APACHE, Acute Physiology and Chronic Health Evaluation; DrotAA, drotrecogin alfa (activated); ENHANCE, Extended Evaluation of Recombinant Activated Protein C; PROWESS, Recombinant Human Activated Protein C Worldwide Evaluation in Severe Sepsis; SD, standard deviation; SOFA, Sequential Organ Failure Assessment; IQR, interquartile range.

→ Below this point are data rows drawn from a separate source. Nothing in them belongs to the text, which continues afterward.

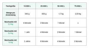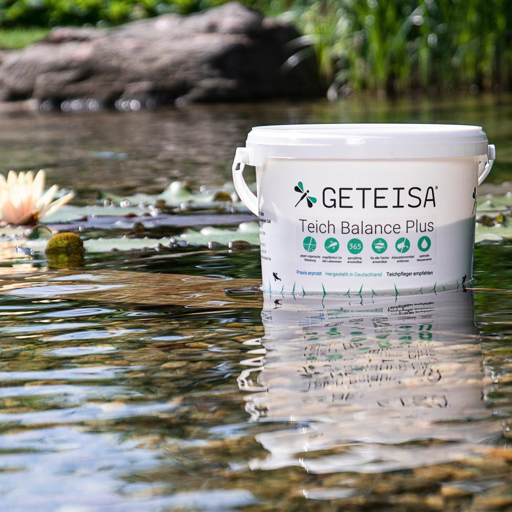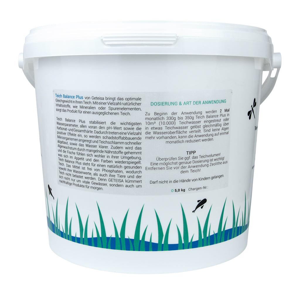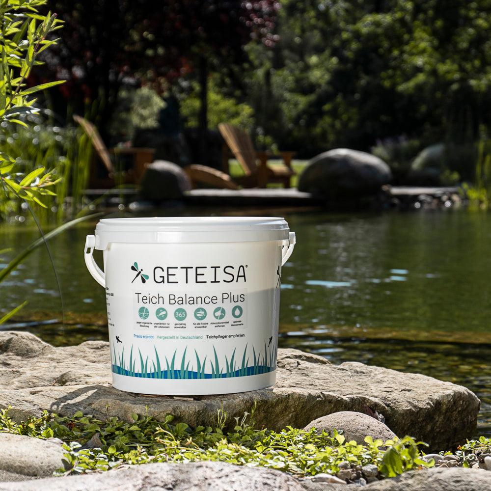 Teich Balance Plus von Geteisa bringt das optimale Gleichgewicht in Ihren Teich. Mit einer Vielzahl natürlicher Inhaltsstoffe, wie Mineralien oder Spurenelementen, sorgt das Produkt für einen ausgeglichenen Teich. Teich Balance Plus stabilisiert die wichtigsten Wasserparameter, allen voran den pH-Wert sowie die Karbonat -und Gesamthärte. Dadurch treten viele positive Effekte ein, so werden schadstoffabbauende Mikroorganismen angeregt, wodurch das Wasser klarer wird. Zudem wird das Algenwachstum durch mangelnde Nährstoffe gehemmt und die Fische fühlen sich wohler in ihrer Umgebung, was sich im Appetit und den Farben wiederspiegelt.
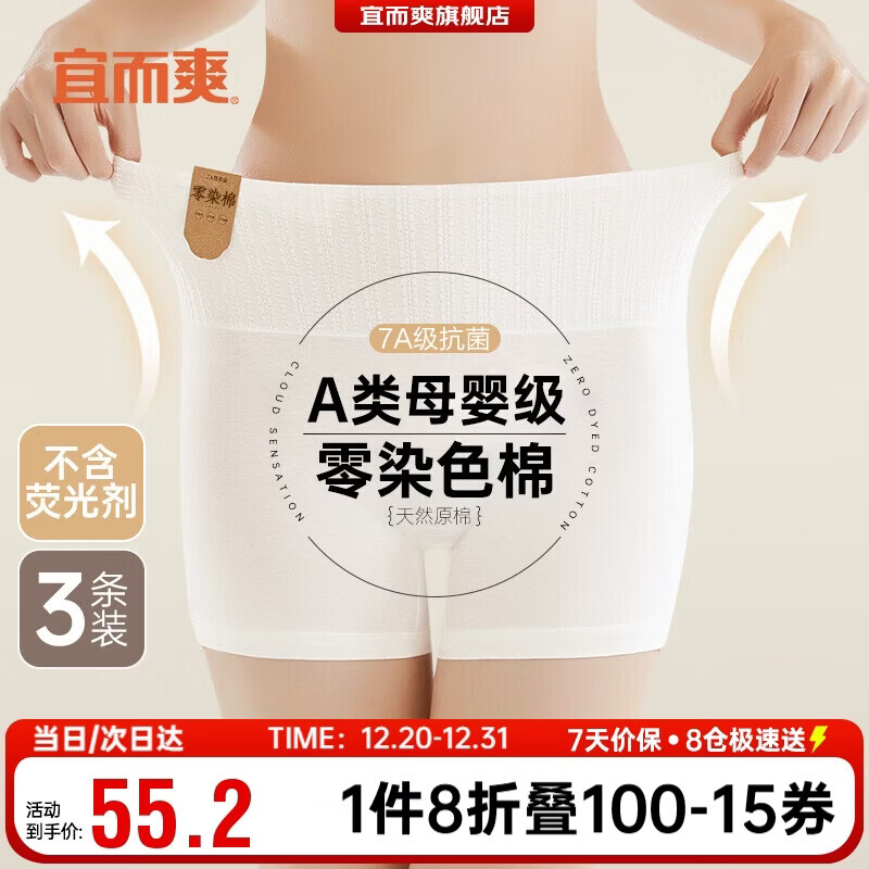 宜而爽【A类0染色棉无荧光剂】内裤女士高腰收腹纯棉平角安全7A抗菌3条
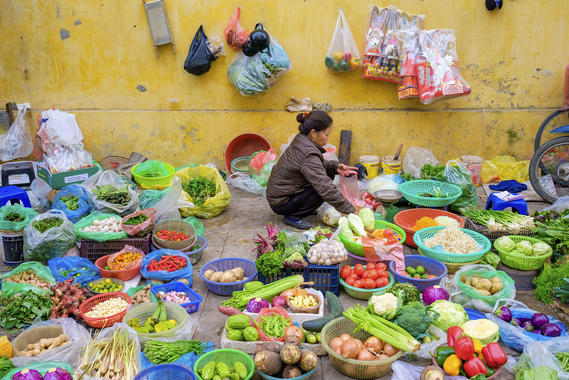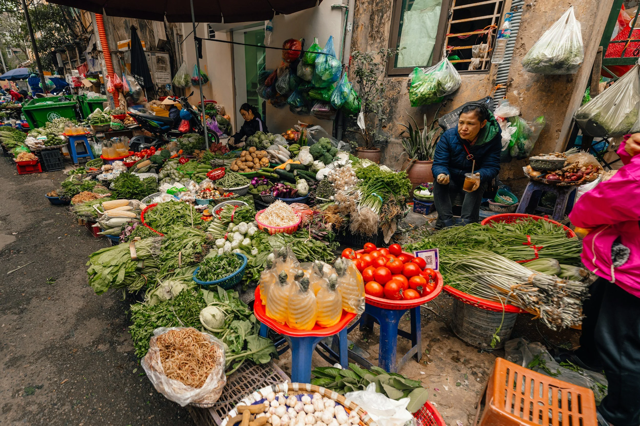 នៅតាមផ្សារខ្លះទៀត តម្រូវការបន្លែមានការកើនឡើងយ៉ាងខ្លាំង ដោយមានមនុស្សឈរតម្រង់ជួរតាំងពីព្រឹកព្រលឹម ដើម្បីរងចាំទិញបន្លែ។ ជីរនាងវងមានតម្លៃពី២៥ ០០០ ទៅ៣០ ០០០ដុង ឬស្មើពី០,៩៧ ទៅ១,១៧ដុល្លារក្នុងមួយគីឡូក្រាម, ស្ពៃខ្មៅមានតម្លៃ១៥ ០០០ដុង ឬស្មើនឹង០,៥៩ដុល្លារ ក្នុងមួយបាច់ ចំណែកផ្កាខាត់ណាមានតម្លៃរហូតដល់៥០ ០០០ដុង ឬស្មើនឹង១,៩៥ដុល្លារ ក្នុងមួយគីឡូក្រាម។

Type 0 biomarker: relationship to natural history of sepsis and correlated with clinical outcome

Baseline values of six laboratory and five clinical measures were evaluated as potential predictors of 28-day mortality. To allow comparisons across measures, the cut-off values associated with greater risk for mortality based on sensitivity and specificity analyses of baseline values were determined (Table 2). The number of patients at increased risk based on the cut-offs, although each representing a different subgroup, was very similar across variables, representing approximately one-third of patients. However, this does not represent the same high-risk patients in each group. Only one patient was high risk for all 11 markers, and only 48 (5.8%) were low risk for all of their measures. This approach established a baseline PC level < 40% as a useful end-point for assessing mortality risk in sepsis patients. The odds of dying within 28 days was twice as high in patients with a baseline PC level < 40% as in those with a PC level of ≥40%. Similar odds ratios were associated with the cut-off values of the other variables, as were the areas under the receiver operating characteristic curve, a combined measure of sensitivity and specificity. This analysis also demonstrates (as already known) the unequal effect of individual SOFA scores, with cut-off ranging from ≥1 for renal SOFA to ≥4 for cardiovascular and respiratory SOFA.

Table 2

Relationship of baseline (start of infusion) values to 28-day mortality in PROWESS placebo patients

Baseline measure	Cut-offa	Number of patients at increased risk using cut-off (n [%])	Odds ratio (95% CI)	AUCb
Protein C (%)	<40	243 (31.4%)	2.12 (1.55–2.89)	58.9%
Protein S (%)	<46	239 (31.5%)	1.91 (1.38–2.64)	57.7%
Antithrombin III (%)	<53	240 (31.4%)	2.32 (1.70–3.18)	60.1%
interleukin-6 (pg/ml)	≥704.6	252 (31.2%)	2.21 (1.63–2.99)	59.7%
Prothrombin time (seconds)	≥18.4	240 (31.5%)	1.89 (1.38–2.58)	57.4%
D-dimer (μg/ml)	≥4.45	241 (31.8%)	1.51 (1.11–2.05)	55.1%
Cardiovascular SOFA	≥4	259 (30.8%)	1.63 (1.21–2.18)	56.0%
Respiratory SOFA	≥4	257 (31.2%)	1.76 (1.27–2.44)	55.5%
Renal SOFA	≥1	258 (30.8%)	2.14 (1.55–2.95)	58.6%
Hematologic SOFA	≥2	259 (30.8%)	1.69 (1.20–2.38)	54.6%
Hepatic SOFA	≥2	239 (31.3%)	1.31 (0.89–1.93)	52.1%

aCut-off based on maximum sensitivity and specificity when both were ≥ 40% for predicting 28-day mortality. Using a cut-off for each measure allowed comparison of odds ratios and treatment interactions on a consistent binary scale across variables. bArea under the receiver operating characteristic curve (AUC) based on 28-day mortality outcome in logistic regression models with the cut-off as the univariate independent variable; this is a combined measure of sensitivity and specificity. CI, confidence interal; PROWESS, Recombinant Human Activated Protein C Worldwide Evaluation in Severe Sepsis; SOFA, Sequential Organ Failure Assessment.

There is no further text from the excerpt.